Theorem 1
If p is prime, then p divides 
 n(p-1)      n(p-1)
a       -   b       for integers (a,b)=1,n p where p does not divide ab. 
No matter what the value of n, there exist a1,b1 such that a1 = a^n and b1=b^n.
Thus, we can write theorem I as

If p is prime and (a1,b1) = 1, then a1^(p-1) - b1^(p-1) is divisible by p.

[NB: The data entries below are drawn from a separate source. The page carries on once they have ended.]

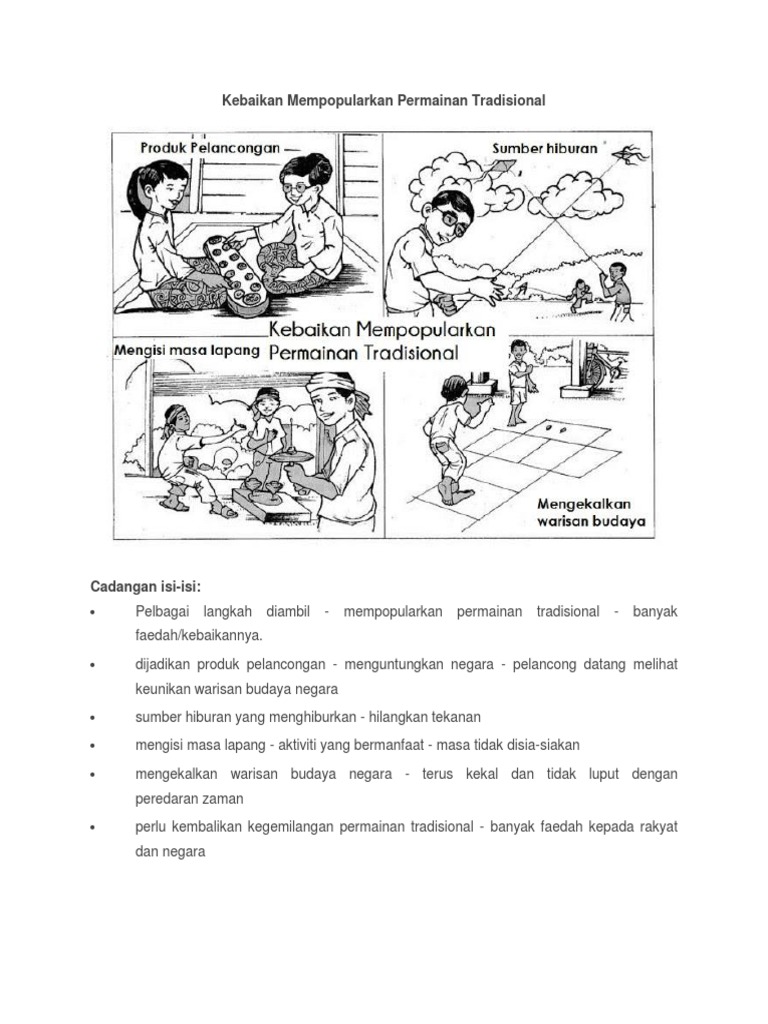 Bahasa melayu pt3 penulisan pt3 ulasan pt3 soalan ulasan pt3 latihan ulasan pt3 ulasan. Salah satu cara untuk mempopularkan Permainan Tradisional ialah menerusi media massa yang dapat menguar-uarkan sesuatu berita dengan. Gambar ini menunjukkan kebaikan mempopularkan permainan tradisional.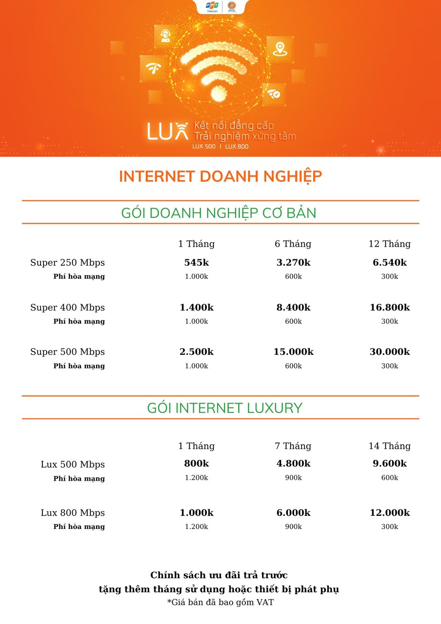 FPT Telecom với nhiều gói cước Internet nhằm đáp ứng nhu cầu người dùng “cá nhân, hộ gia đình và doanh nghiệp”. FPT Telecom luôn cam kết về chất lượng dịch vụ và chất lượng sản phẩm tốt nhất thị trường. Hiện nay, cung cấp các gói cước Internet như sau: Dưới đây là bảng giá tổng hợp: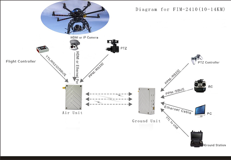 FIM-2410 is IFLY ultra long range UAV video downlink, which have UHF2.4GHz to meet the market different demands.Transmission range can up to 60km,which is the best choice for FHD ultra long range UAV video transmission.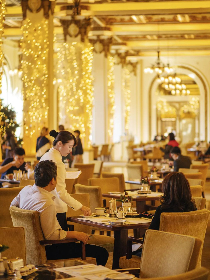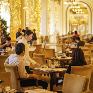 如今半岛酒店的英式下午茶程序已经简化不少,但三层咸甜搭配的茶点则被视为下午茶必不可少的传统,被保留了下来。品尝传统的英式下午茶点时,应遵循先咸后甜、先清爽后厚重的原则,先享用置于底层的咸点,再依次向上层递进。但在半岛酒店的下午茶里,松饼是个例外。松饼只有热吃,才能享用到最佳口感,配淡奶油和特制的草莓酱,独具风味。因而即便它是甜点,也破例摆在了底层盘子里。下午茶的点心会根据季节的更替而变化组合,夏季时有许多与新鲜时令水果相关的点心,冬季时则是诸如栗子、巧克力等有着温暖口感的甜点。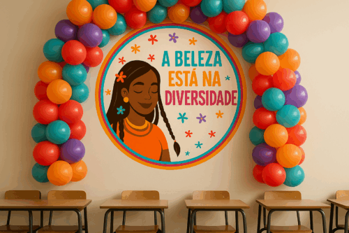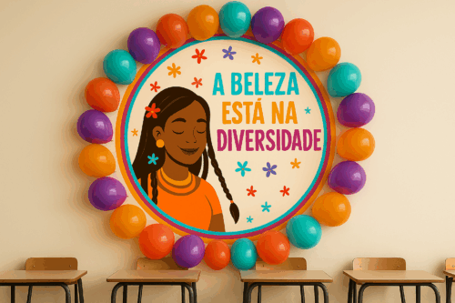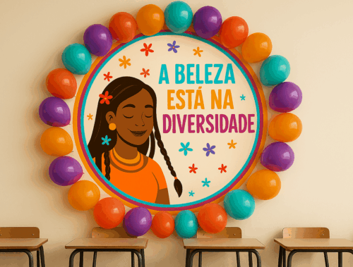 🖤 Com cores vibrantes e design encantador, este painel transmite uma mensagem poderosa sobre igualdade, empatia e amor ao próximo — valores essenciais para a formação de cidadãos conscientes.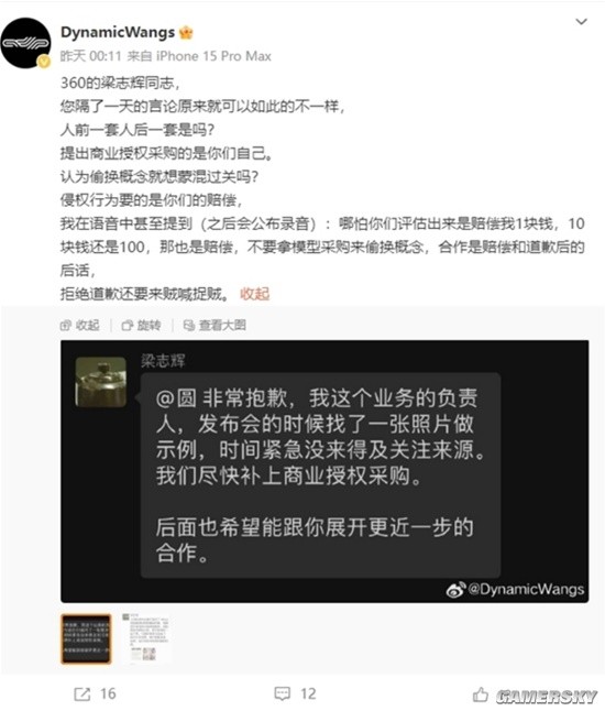 6月13日消息,360 AI新品发布会“被盗图人”DynamicWangs发微博喊话周鸿祎,要求公开道歉,赔偿1元RMB。
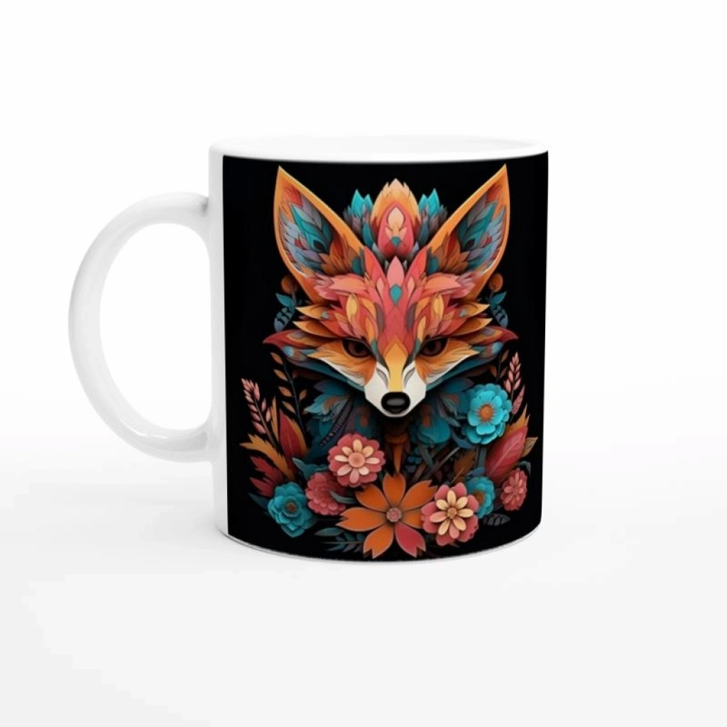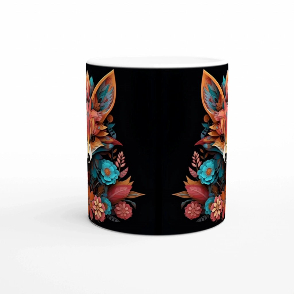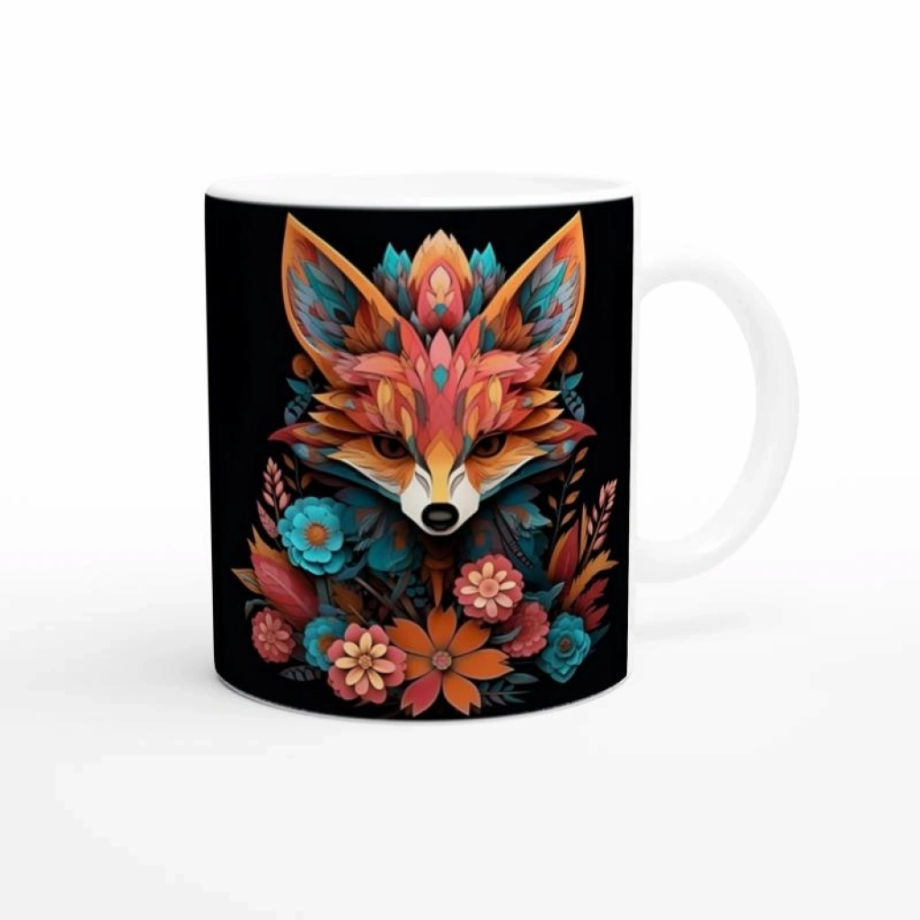 Cesur ve özgün bir stil arayanlar için birebir! Bu çiçeklerle bezenmiş renkli tilki figürlü kupa bardak,

Some examples in origional form.
a = 3 b = 2
 n(p-1)   n(p-1)
a      - b
n p
--- ---- --------------------
1 7 5*7*19
2 7 5*7*13*19*61
1 107 5*13*107*...
7 107 5*29*71*107*...

Theorem 1a (Euler) (a,m) = 1 => a^Phi(m) - 1 is div by m.
Phi(m) = number of non divisors <= m of m. If m is prime,
Phi(m) = p-1.

Lemma 1
Let b = 1. Prove if p is prime and (a1,p) = 1, a1^(p-1) - 1 is div by p.
We know from Theorem 1a, (a,m) = 1 => a^Phi(m) - 1 is div by m.
Then a1^(p-1)-1 = a^Phi(p)-1 since p is prime. So p divides a^(p-1) - 1.

Let a = k^n for some n
By rules of exponents, k^n(p-1) - 1 = (k^n)^(p-1) - 1 = k^n(p-1). Thus, 
letting a = k^n we get the desired result.

We can now prove Theorem 1.
by Lemma 1 we can assume a and b are powers of n and
a^(p-1)-1 is div by p and b^(p-1)-1 is div by p then
a^(p-1) - 1 - b^(p-1) - 1 = a^(p-1) - b^(p-1) is div by p as desired.